I wasn't. But I couldn't blame him for thinking so.

Palin makes clear it was the "packaging" the campaign managers wrapped her in -- never the package inside -- that led to her failed candidacy.

Now I was in the hands of "campaign professionals", and it was my first encounter with the unique way of thinking that characterizes this elite and highly specialized guild. In Alaska, we don't really have these kinds of people -- they are a feature of national politics. Naturally enough, as the experts, they are used to being in charge. But no matter how "expert" any of them was, nothing had apparently prepared them for the unprecedented onslaught of rumors, lies, and innuendo that "packaging" would have on my candidacy.

The decision to purchase designer clothes for the trail -- a major embarrassment for the campaign -- is, likewise, ascribed to aide Nicolle Wallace.

"I had a humbling experience while we were back in Wasilla for the Charlie Gibson interview in September," she writes. "While the crews turned my kitchen into a television studio, I took Nicolle into my bedroom and showed her what I thought I should pack for the trail. She flipped through my wardrobe with a raised eyebrow."

"No... no... no...," she said as she slid each garment aside on its hanger," Palin recalls.

She gasps over the expensive price of the nylons they provide for her. When describing her speech at the RNC, she snidely adds, "The kids looked great -- even in a bunch of borrowed clothes."

And the equally humiliating prank phone call Palin took from someone pretending to be French president Nicolas Sarkozy also ends with anger towards Schmidt.

By that time I'd received calls from presidents of other countries and our own, and had met elder statesmen and other dignitaries, so it didn't surprise us too much that we'd be speaking with the French leader.

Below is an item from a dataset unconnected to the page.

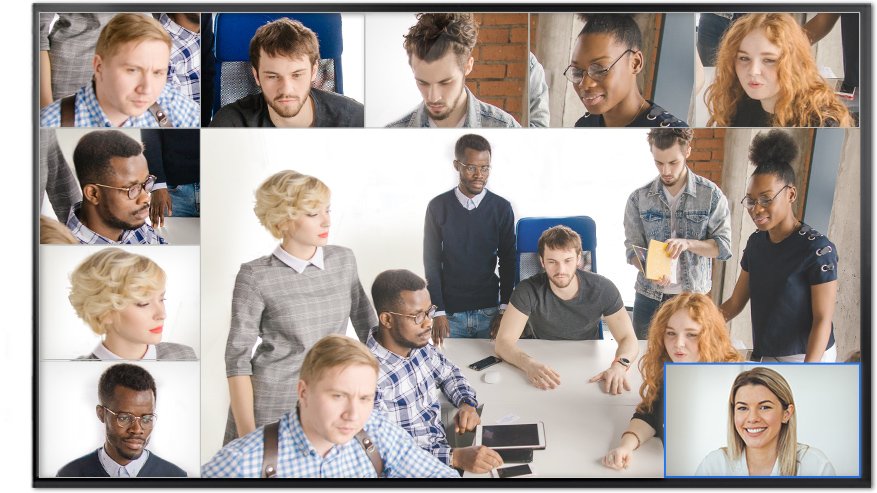 To funkcja, dzięki której każdy ma własne wirtualne miejsce podczas spotkań. Uruchomienie tej funkcji umożliwia widok każdego uczestnika na ekranie podczas spotkań online.
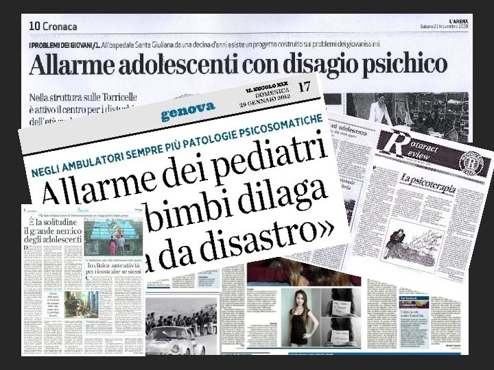 Adolescenti e somatizzazione il corpo gioca in adolescenza un ruolo centrale IL CORPO CHE CAMBIA (lutto del corpo bambino; passaggio del concetto di sé costruito sull’opinione dei genitori al concetto di sé ricavato dal giudizio dei coetanei) • • IL CORPO SESSUATO (nuove pulsioni e desideri spingono all’esterno della famiglia; una svalorizzazione temporanea dei genitori facilita

He's got to be drunk, I thought.

I didn't want to offend the president of France, but this was getting stupid. I kept thinking, surely, someone will pop up and say something like, "Okay, the five minutes are up," but the call just went on and on and on. By now, I was thinking exit strategy. And I kept trying to laugh, even though it was increasingly unfunny.

Right away, the phones started ringing. One of the first calls was Schmidt, and the force of his screaming blew my hair back. "How can anyone be so stupid?! Why would the president of France call a vice presidential candidate a few days out?!"

Good question, I thought. Weren't you the ones who set this up?"

The anger between Palin and Schmidt eventually crests right as the prospects for the campaign begin their precipitous decline. In an incident that has been reported previously, Randy Scheuenemann -- a McCain foreign policy adviser and Palin loyalist -- charges into Schmidt's office after a series of articles surfaced with anonymous campaign aides whacking the vice presidential candidate

To this day, Randy - ever the gentleman - won't tell me everything that was said about the B Team. But a couple of examples tell the story. "They're screwing up,' Schmidt told Randy one day in Schmidt's office. "And the governor's not doing serious homework." Schmidt told Randy he thought I might be suffering from postpartum depression...

Randy laid out a very simply case: "Picking a running mate was John's most important decision, and being loyal to John means being loyal to his pick. That makes what's going on absolutely atrocious!"

Schmidt started in again, telling Randy what an awful pick I was -- the "postpartum" problems, the wardrobe "scandal," "legal exposure" for Todd on Troopergate, whatever he meant by that.

Somehow, Palin ends the story, "the Palins were responsible for all of the campaign's problems."